An Insurance Company Underestimated How Long People Would Live -- And Now Its Stock Is Crashing

Genworth shares are crashing.

In morning trade on Thursday, the stock was down nearly 36% to about $US9 per share. On Wednesday, the stock closed around $US14.

At current prices, the company has a market cap of around $US4.4 billion.

The crash in Genworth shares comes after the company last night reported earnings that widely missed expectations as the company took a massive $US844 million loss after completing a review of its long-term care businesses. On a per share basis, this comes out to a loss of $US1.70; Wall Street was looking for earnings of $US0.19.

Long-term care insurance is a private version of a Medicare or Medicaid program that provides insurance to older Americans.

The main problem Genworth found with its assumptions after its review: people are living way longer than they previously assumed.

In its earnings release, Genworth said:

“The company made changes to its assumptions and methodologies primarily impacting claim terminations, most significantly in later duration claims, and benefit utilization reflecting that claimants are staying on claim longer and utilising more of their available benefits in aggregate than had previously been assumed in the company’s reserve calculations.”

In English, “claimants…staying on claim longer” means that people on a long-term care plan are making that plan longer-term than the company previously modelled. Genworth also filed a presentation outlining how they went about changing its models.

As an insurance company, you collect premiums and then stockpile these assets — keeping some in cash and investing others — so that when folks you insure need this money, you can pay it out.

And so the charge that Genworth took on Thursday is related to a need to increase its stockpile for long-term care customers. And the company said it is continuing its review, which, based on Thursday’s market reaction, investors are thrilled about.
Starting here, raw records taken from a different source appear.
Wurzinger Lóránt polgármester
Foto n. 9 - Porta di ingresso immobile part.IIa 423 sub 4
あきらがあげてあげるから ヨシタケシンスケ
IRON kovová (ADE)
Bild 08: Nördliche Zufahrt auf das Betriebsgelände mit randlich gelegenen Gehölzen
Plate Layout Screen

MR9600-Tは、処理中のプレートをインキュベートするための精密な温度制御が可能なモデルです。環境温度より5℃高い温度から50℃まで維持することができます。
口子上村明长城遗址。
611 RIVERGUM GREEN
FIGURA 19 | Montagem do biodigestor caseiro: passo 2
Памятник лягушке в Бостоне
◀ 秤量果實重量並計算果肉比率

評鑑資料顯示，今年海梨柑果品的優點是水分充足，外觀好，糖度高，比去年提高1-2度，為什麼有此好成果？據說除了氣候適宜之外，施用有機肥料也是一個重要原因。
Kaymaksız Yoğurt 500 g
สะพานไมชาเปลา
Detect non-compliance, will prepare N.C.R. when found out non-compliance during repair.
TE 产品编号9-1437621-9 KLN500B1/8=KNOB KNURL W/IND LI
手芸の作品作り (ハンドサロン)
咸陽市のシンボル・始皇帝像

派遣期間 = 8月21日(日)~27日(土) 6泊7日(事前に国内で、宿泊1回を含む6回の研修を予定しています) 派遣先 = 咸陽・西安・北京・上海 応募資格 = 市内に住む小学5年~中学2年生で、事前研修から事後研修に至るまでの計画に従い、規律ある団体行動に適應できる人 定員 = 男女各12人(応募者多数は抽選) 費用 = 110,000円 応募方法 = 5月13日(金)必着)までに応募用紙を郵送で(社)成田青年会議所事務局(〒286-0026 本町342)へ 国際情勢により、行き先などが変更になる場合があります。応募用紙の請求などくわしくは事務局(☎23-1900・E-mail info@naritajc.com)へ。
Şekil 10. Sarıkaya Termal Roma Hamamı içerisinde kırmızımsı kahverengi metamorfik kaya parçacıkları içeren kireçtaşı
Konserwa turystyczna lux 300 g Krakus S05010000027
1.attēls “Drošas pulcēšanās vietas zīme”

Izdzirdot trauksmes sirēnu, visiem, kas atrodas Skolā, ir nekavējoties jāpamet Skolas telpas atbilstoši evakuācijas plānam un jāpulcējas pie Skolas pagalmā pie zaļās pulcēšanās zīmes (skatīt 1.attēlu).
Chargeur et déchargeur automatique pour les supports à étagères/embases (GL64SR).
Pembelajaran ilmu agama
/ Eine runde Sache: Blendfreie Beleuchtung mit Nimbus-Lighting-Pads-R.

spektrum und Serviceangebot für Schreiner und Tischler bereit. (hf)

Here’s a long paragraph from Genworth about that:

In the fourth quarter of 2014 the company is conducting its annual review of active life margins and as part of this review it will review the associated assumptions and methodologies. Based on the work done in connection with the recently completed claim reserve review that resulted in changes to claim terminations and benefit utilization assumptions and associated methodologies, the company expects these changes will materially reduce its active life margins... Separately, the company tests its acquired LTC blocks for recoverability as part of its loss recognition testing margin review. Given the age of those blocks, the results of this review are less likely to benefit from management actions, and therefore are more likely to be negatively impacted by the updated claim reserve assumptions and methodologies. The company may also make changes to its other active life margin assumptions and methodologies, but currently cannot predict with more specificity the nature, extent or margin impact of any of the assumption and methodology changes it may make in completing its annual margin review, and whether or not the resulting impact will be material.

Genworth hits a version of two of the phrases investors like to hear least: “materially reduce” and “cannot predict.”

Investors hate being told that earnings are going to be reduced, and might hate it more when a company isn’t sure how something is going to turn out.

And on Thursday, investors are hating Genworth’s stock, too.